Тайна дела № 963 | страница 127



– Это – одно из самых чудесных мест на нашей земле. Это как бы окно, сквозь которое можно заглянуть в дом к предкам.

– Я слышал, у вас нынче не слишком поощряется такое заглядывание? – Алекс испытующе поглядел на меня.

– Прошлое нельзя оторвать от настоящего. Это, во-первых, глупо. Во-вторых, это мешает глубже ощутить связь с будущим. Иванов, не помнящих родства, немного, но, к глубокому разочарованию, они верховодят…

– Ладно, я не к тому, – сухо сказал Алекс. – Вы в Батурине бывали?

– Случалось.

– Мне бабка, считай, уши прожужжала о давнем, ума не приложу, где все это хранилось у нее в голове. Я просто-таки живым представляю себе своего прапрадавнего предка, в честь которого нарекли и меня, Алексея Разумовского, Диме – ввек не догадаться, – Алекс рассмеялся строгими, сухими губами, отчего лицо его стало еще суровее и замкнутее, – что графы Раэумовские вышли из какого-то богом забытого села из пастушеского рода Лешки Розума, ставшего затем мужем царицы Елизаветы… Дивные дела творились на земле… Впрочем, мне более по душе Кирилл, младший брат Алексея…

– Я представил себе, как некогда рыжий и тощий англичанин, отправляясь в медвежий угол, в Россию, берег что зеницу ока не драгоценности и книги, а багаж индийского чая и, попивая его в придорожных харчевнях, растекался мыслию по древу мечтаний; спустя некоторое время вальяжный Чарльз Камерон, архитектор, взопрев от восторга, замер на высоком берегу Сейма, и легкий ветерок вздувал его вихри, а перед глазами его уже вырисовывался красавец-дворец, которым он заложит строительство нового Петербурга для брата мужа царицы всея Руси, гетмана Украины – Кириллы Разумовского. А дальний отпрыск угасшего графского рода сидел передо мной в богом забытом ресторанчике на английской земле и выспрашивал меня о Батурине, о дворце, вознесенном над Сеймом англичанином Чарльзом Камероном…

– Он похож на чудо, белое чудо: словно бы Акрополь вдруг вырос средь чиста поля…

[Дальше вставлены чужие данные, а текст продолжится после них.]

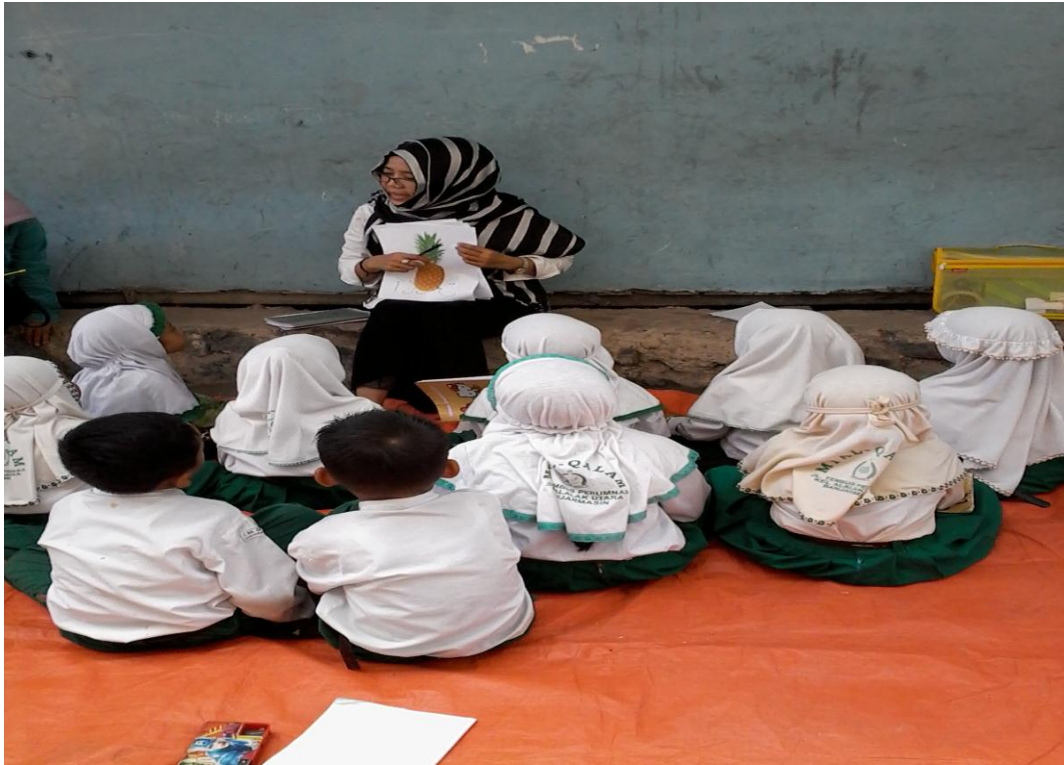
Ibu membacakan kosa kata menggunakan bahasa arab siswa mengikuti

– Я родился и вырос в Харбине, – прервал меня Алекс, потянувшись к бокалу с виски. – Отца почти не помню, он тоже из какого-то знатного рода, да умер рано. Мать к тому времени, когда я стал соображать, уехала в Токио, вышла замуж за профессора университета Васеда. Моим воспитанием занялась бабка, крошечная, легкая, как одуванчик, дунь и рассыплется, на самом же деле – характер волевой, цельный и властный. – В начале шестидесятых годов в Харбине стало совсем невмоготу жить, и вся полумиллионная русская колония пришла в движение. Китайцы всячески старались избавиться от нас, притесняя, устраивая утонченные, страшные восточные подлости, после которых человек готов был бежать на край света. Вот так мы – бабка, я, ее кузина, девица лет шестидесяти, и сухенький старичок по имени Буля, я даже не знаю, кем он приходился бабке, но только слушался он ее беспрекословно и выполнял в доме чуть не все работы – и в магазины ездил, и драил полы, встречался с кредиторами, улаживал неприятности с китайскими полицейскими, играл в бильбоке с бабкой вечерами и не дурно дренчал на старинном гнусавом клавесине, – вся наша семья очутилась в Мельбурне. Можно было поселиться в Дарвине – там жили какие-то давние бабкины друзья, но влажный тропический климат, это вечное лето, напугали ее…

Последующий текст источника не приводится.